--- Exercise directions ---
From the listing below, retype exactly the line holding "澎湃新闻发现,在纳入上述《报", the line holding "SCHLESWIG-HOLSTEINISCHER LANDTAG Drucksache", and the lines between them; skip everything else.

--- Provided entries ---
+ + + +

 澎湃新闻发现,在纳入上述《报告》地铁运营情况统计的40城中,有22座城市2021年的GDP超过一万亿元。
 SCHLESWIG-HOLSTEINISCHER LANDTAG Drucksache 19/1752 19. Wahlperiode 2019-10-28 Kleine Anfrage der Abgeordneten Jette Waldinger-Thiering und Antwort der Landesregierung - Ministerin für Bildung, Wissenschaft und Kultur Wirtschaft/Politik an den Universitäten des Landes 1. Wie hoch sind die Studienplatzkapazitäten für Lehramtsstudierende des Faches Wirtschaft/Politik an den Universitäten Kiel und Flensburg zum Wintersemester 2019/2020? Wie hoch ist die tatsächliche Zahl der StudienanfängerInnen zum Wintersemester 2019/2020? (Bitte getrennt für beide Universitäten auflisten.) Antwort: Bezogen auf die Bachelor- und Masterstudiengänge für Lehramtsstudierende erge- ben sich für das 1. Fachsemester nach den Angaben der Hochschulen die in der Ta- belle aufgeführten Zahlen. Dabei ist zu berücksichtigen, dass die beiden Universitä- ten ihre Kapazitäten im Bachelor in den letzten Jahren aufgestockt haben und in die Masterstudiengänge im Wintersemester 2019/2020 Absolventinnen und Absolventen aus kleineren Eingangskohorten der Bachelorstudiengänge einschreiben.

+ + + +

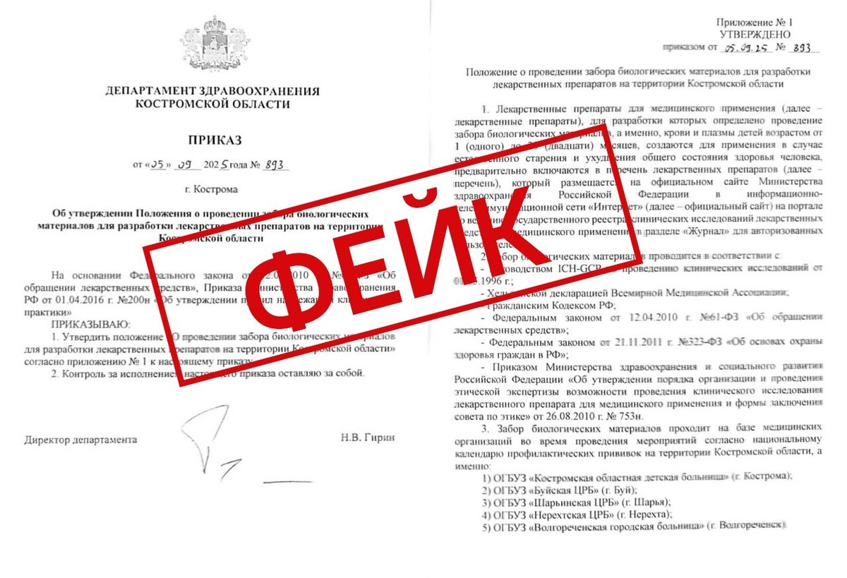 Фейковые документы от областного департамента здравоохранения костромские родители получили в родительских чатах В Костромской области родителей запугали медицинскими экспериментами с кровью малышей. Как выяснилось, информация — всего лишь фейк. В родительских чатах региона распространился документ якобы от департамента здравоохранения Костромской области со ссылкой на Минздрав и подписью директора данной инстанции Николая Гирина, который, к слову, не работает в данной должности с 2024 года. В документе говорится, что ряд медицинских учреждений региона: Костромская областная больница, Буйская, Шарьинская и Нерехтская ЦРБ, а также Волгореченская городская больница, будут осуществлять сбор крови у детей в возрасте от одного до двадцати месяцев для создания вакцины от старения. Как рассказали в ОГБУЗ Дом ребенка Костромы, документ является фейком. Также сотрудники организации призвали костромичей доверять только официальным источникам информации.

+ + + +

--- Exercise answer ---
 澎湃新闻发现,在纳入上述《报告》地铁运营情况统计的40城中,有22座城市2021年的GDP超过一万亿元。
 SCHLESWIG-HOLSTEINISCHER LANDTAG Drucksache 19/1752 19. Wahlperiode 2019-10-28 Kleine Anfrage der Abgeordneten Jette Waldinger-Thiering und Antwort der Landesregierung - Ministerin für Bildung, Wissenschaft und Kultur Wirtschaft/Politik an den Universitäten des Landes 1. Wie hoch sind die Studienplatzkapazitäten für Lehramtsstudierende des Faches Wirtschaft/Politik an den Universitäten Kiel und Flensburg zum Wintersemester 2019/2020? Wie hoch ist die tatsächliche Zahl der StudienanfängerInnen zum Wintersemester 2019/2020? (Bitte getrennt für beide Universitäten auflisten.) Antwort: Bezogen auf die Bachelor- und Masterstudiengänge für Lehramtsstudierende erge- ben sich für das 1. Fachsemester nach den Angaben der Hochschulen die in der Ta- belle aufgeführten Zahlen. Dabei ist zu berücksichtigen, dass die beiden Universitä- ten ihre Kapazitäten im Bachelor in den letzten Jahren aufgestockt haben und in die Masterstudiengänge im Wintersemester 2019/2020 Absolventinnen und Absolventen aus kleineren Eingangskohorten der Bachelorstudiengänge einschreiben.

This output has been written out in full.